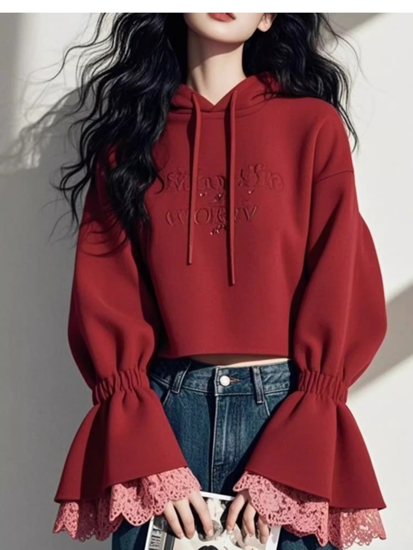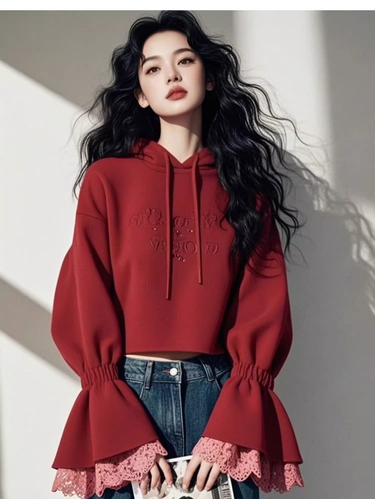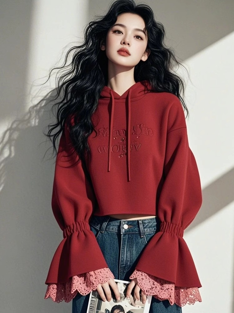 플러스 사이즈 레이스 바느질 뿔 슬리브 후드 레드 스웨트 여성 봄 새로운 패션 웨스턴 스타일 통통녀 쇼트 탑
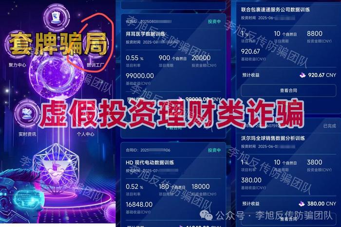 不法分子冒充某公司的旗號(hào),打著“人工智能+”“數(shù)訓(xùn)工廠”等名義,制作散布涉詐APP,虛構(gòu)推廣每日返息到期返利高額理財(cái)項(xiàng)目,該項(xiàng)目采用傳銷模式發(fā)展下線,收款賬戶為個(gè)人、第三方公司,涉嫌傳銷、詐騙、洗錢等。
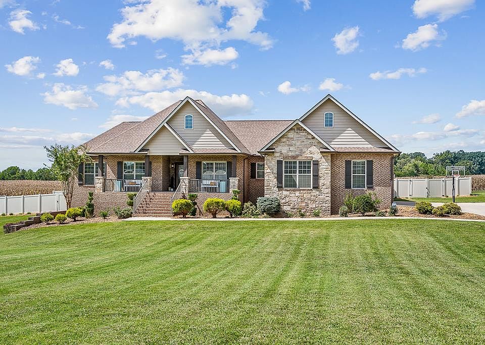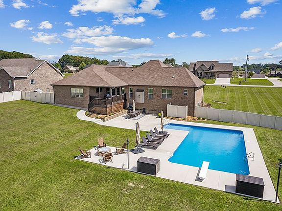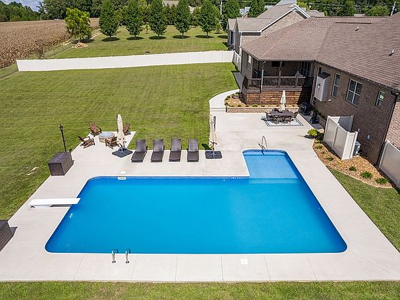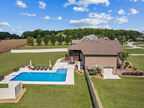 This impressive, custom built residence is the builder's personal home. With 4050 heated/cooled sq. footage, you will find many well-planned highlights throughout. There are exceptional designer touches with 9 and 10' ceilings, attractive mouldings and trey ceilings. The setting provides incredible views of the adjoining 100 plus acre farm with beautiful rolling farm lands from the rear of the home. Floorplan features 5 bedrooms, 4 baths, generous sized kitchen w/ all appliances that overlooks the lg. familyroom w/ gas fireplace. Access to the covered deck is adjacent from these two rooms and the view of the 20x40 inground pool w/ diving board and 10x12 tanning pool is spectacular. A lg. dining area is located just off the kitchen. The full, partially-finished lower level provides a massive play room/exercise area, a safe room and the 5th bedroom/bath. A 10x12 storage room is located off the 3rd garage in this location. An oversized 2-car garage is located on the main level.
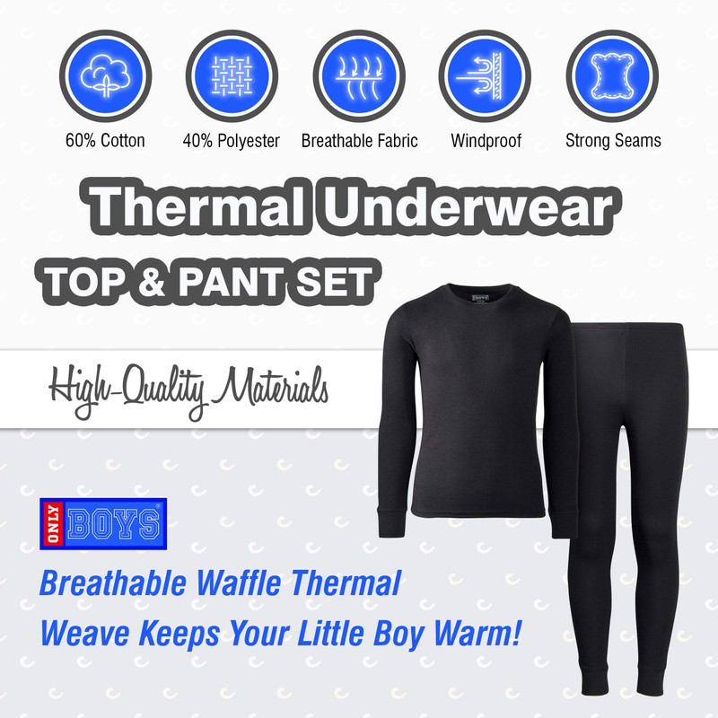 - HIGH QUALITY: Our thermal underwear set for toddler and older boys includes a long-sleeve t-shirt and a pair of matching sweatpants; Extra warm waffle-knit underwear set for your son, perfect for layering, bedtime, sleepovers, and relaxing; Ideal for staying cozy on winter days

--

## TASK INSTRUCTIONS
Working from the line that contains "This impressive, custom" to the last line of the listing, please quote each line exactly, pictures excluded.

## ANSWER SECTION
 This impressive, custom built residence is the builder's personal home. With 4050 heated/cooled sq. footage, you will find many well-planned highlights throughout. There are exceptional designer touches with 9 and 10' ceilings, attractive mouldings and trey ceilings. The setting provides incredible views of the adjoining 100 plus acre farm with beautiful rolling farm lands from the rear of the home. Floorplan features 5 bedrooms, 4 baths, generous sized kitchen w/ all appliances that overlooks the lg. familyroom w/ gas fireplace. Access to the covered deck is adjacent from these two rooms and the view of the 20x40 inground pool w/ diving board and 10x12 tanning pool is spectacular. A lg. dining area is located just off the kitchen. The full, partially-finished lower level provides a massive play room/exercise area, a safe room and the 5th bedroom/bath. A 10x12 storage room is located off the 3rd garage in this location. An oversized 2-car garage is located on the main level.
 - HIGH QUALITY: Our thermal underwear set for toddler and older boys includes a long-sleeve t-shirt and a pair of matching sweatpants; Extra warm waffle-knit underwear set for your son, perfect for layering, bedtime, sleepovers, and relaxing; Ideal for staying cozy on winter days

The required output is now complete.